A Gift for the Heart: Justina, Zenón, and Ponciano Begin Life Anew

1 September, 2025
Patients from Comarapa and Saipina received pacemakers donated by Pastoral Social Caritas. The procedures were carried out at Clínica de las Américas and were fully funded by the National Vida Segura Foundation.
Justina Claros Rocha’s tears are tears of joy. At 70 years old, she says she feels hope return to her heart. Alongside Zenón Saldaña Covarrubias and Ponciano Fuentes Muñoz, she was referred from the San Martín de Porres Hospital in Comarapa to the Clínica de las Américas in Santa Cruz de la Sierra to receive a pacemaker donated through Pastoral Social Cáritas (Pasoc), in coordination with the National Vida Segura Foundation.
In August of last year, Doña Justina began fainting and was diagnosed with heart failure. “I didn’t have money for a pacemaker, so I’ve only been taking pills since then,” she says.However, dizziness and headaches were constant companions. Before falling ill, she made a living selling vegetables. Today, she survives on the senior citizen’s pension and by selling soft drinks in Comarapa, though she tires easily and can no longer carry her buckets.
A mother of nine children whom she raised on her own, she now lives with one of them in Comarapa and takes care of her two grandchildren, Erik and Esteicy, aged nine and seven, whom her youngest daughter left in her care when she went to work in Chile.”For myself, I wouldn’t want to go on living, but for them, I want to live a few more years. They’re still little—I can’t leave them. Now, with the pacemaker I received, I know I’ll be better,” she says emotionally.
The story of 68-year-old Zenón Saldaña carries a similar tone of gratitude.

A farmer, born in Pasorapa (Cochabamba) and living in Saipina, he has lived for 15 years with the consequences of Chagas disease, which damaged his heart.
“They told me I needed a pacemaker, but I refused—I was hesitant because I didn’t have the money,” he recalls. His decision changed when a nun at the hospital told him about the campaign: “Everything will be fine, don Zenón; you won’t wear yourself out,” she reassured him.
Although he jokes that he only agreed to the operation on the condition that afterward his children help him treat his prostate—another health issue he faces—his gratitude is unmistakable. Just one day after the surgery, he was surprised he could walk up the clinic stairs without getting tired.”Before, it felt like climbing a mountain. Now I’m fine—I don’t wheeze with every step anymore,” he says with relief.
The third beneficiary, 53-year-old Ponciano Fuentes, also suffers from Chagas.
His heart gave out in February when he fainted while pushing a cart of potatoes for local street food vendors. “My head started spinning, and then I collapsed,” he recounts. Since then, he hasn’t been able to work, as the doctor forbade him from using a hoe.

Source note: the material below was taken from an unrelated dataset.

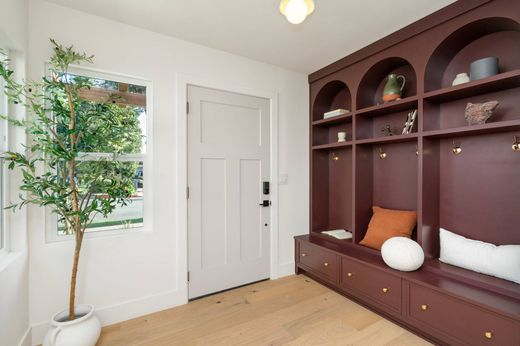 Settle into life in this beautifully remodeled Sunset Park home, just moments from beach days, neighborhood cafés, and easy coastal strolls. Designed with relaxed Westside living in mind, the home welcomes you with wide-plank wood floors, abundant natural light, and an easy, beach-inspired aesthetic. Vaulted ceilings with exposed beams and a statement fireplace create an open, comfortable living space that naturally lends itself to casual weekends and gathering with friends. Framed by a striking wide arched opening, the spacious kitchen flows easily into the living and dining areas, reinforcing the home’s open layout. Custom cabinetry, beautiful countertops, premium appliances, convenient pot-filler, and a generous peninsula create a space that works just as well for everyday living as it does for entertaining. The primary bedroom offers a peaceful retreat with vaulted beamed ceilings, direct outdoor access, and a spa-style bathroom featuring designer finishes and a spacious glass-enclosed shower with built-in bench. Additional bedrooms are bright and flexible, ideal for guests, workspace, or creative use, while custom built-ins throughout add both style and functionality. The backyard is designed for year-round enjoyment, offering multiple decks for dining and lounging alongside a generous lawn that creates a welcoming outdoor setting. Located in the heart of Sunset Park, the home sits just minutes from Ocean Park and Main Street favorites, local cafés, farmers’ markets, neighborhood parks, biking paths, yoga and Pilates studios, and highly regarded schools. The beach is close by, with easy routes to the 10 and 405 when heading across the Westside or around town.

A father of five and grandfather of eight, he lives in the community of Bañado de la Cruz, where he settled after an earthquake devastated his hometown of Totora. “At the hospital, they told me to wait for a pacemaker campaign, that it would make a real difference,” he explains. When he found out he was on the list of recipients, hope returned. “I’m happy—I feel no pain. May God bless the sister who helped me; now I have more time to live.”
The person these patients consider their benefactor is Sister María Gracia Díaz, administrator of the San Martín de Porres Hospital, which belongs to the Congregation of the Dominican Sisters of Saint Catherine of Siena. After learning from Father Christian Muessing, executive director of Pasoc, about the availability of donated pacemakers for low-income patients, she took it upon herself to identify those most urgently in need.

The surgeries were led by cardiac electrophysiologist Dr. Hugo Buhezo at the Clínica de las Américas. “We evaluated all three patients beforehand to confirm their need for a pacemaker. We hope this therapy will allow them to live full lives,” said the specialist. He added that for the beneficiaries, neither the devices nor the surgeries involved any cost: “The clinic provided a significant discount, and the remaining expenses were covered by the National Vida Segura Foundation.”